In this paper we address the following question:

How can instructors leverage assessment instruments in design, build, and test courses to simultaneously improve student outcomes and assess student learning well enough to improve courses for future students?

A learning statement is a structured text-based construct for students to record what they learned by reflecting on authentic immersive experiences in a semester-long engineering design course. The immersive experiences include lectures, assignments, reviews, building, testing, and a post-analysis of an electro-mechanical device to address a given customer need.

Over the past three years, in the School of Aerospace and Mechanical Engineering at the University of Oklahoma, Norman, we have collected almost 30,000 learning statements from almost 400 students. In the past few years, we have analyzed this data to improve our understanding of what students have learned by reflecting on doing and thence how we might improve the delivery of the course.
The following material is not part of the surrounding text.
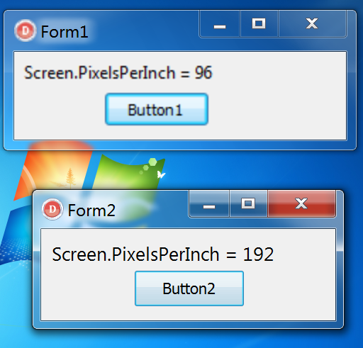 Современные версии Windows предлагают два алгоритма масштабирования: старый, который управляет масштабом системных элементов, но оставляет масштабирование собственных ресурсов приложения на его усмотрение, и новый (впервые представленный в Windows Vista), который, благодаря виртуализации dpi, позволяет сохранить интерфейс приложения в полностью оригинальном виде при любом масштабе — пусть и ценой некоторого ухудшения качества изображения.

In an earlier paper, we described a text mining framework to facilitate the analysis of a vast number of learning statements. Our focus, in the earlier paper, was on describing the functionalities (i.e., data cleaning, data management, text analysis, and visualization results) of the framework and demonstrating one of the text quantification methods — term frequency — using the learning statements. In this paper, we focus on demonstrating another text quantification method, namely, text similarity, to facilitate instructors’ gaining new insights from students’ learning statements. In the method of text similarity, we measure the cosine distance between two text vectors and is typically used to compare the semantic similarity between documents. In this paper, we compare the similarity between what students learned (embodied in learning statements) and what instructors expected the students to learn (embodied in the course booklet), thus providing evidence-based guidance to instructors on how to improve the delivery of AME4163 – Principles of Engineering Design.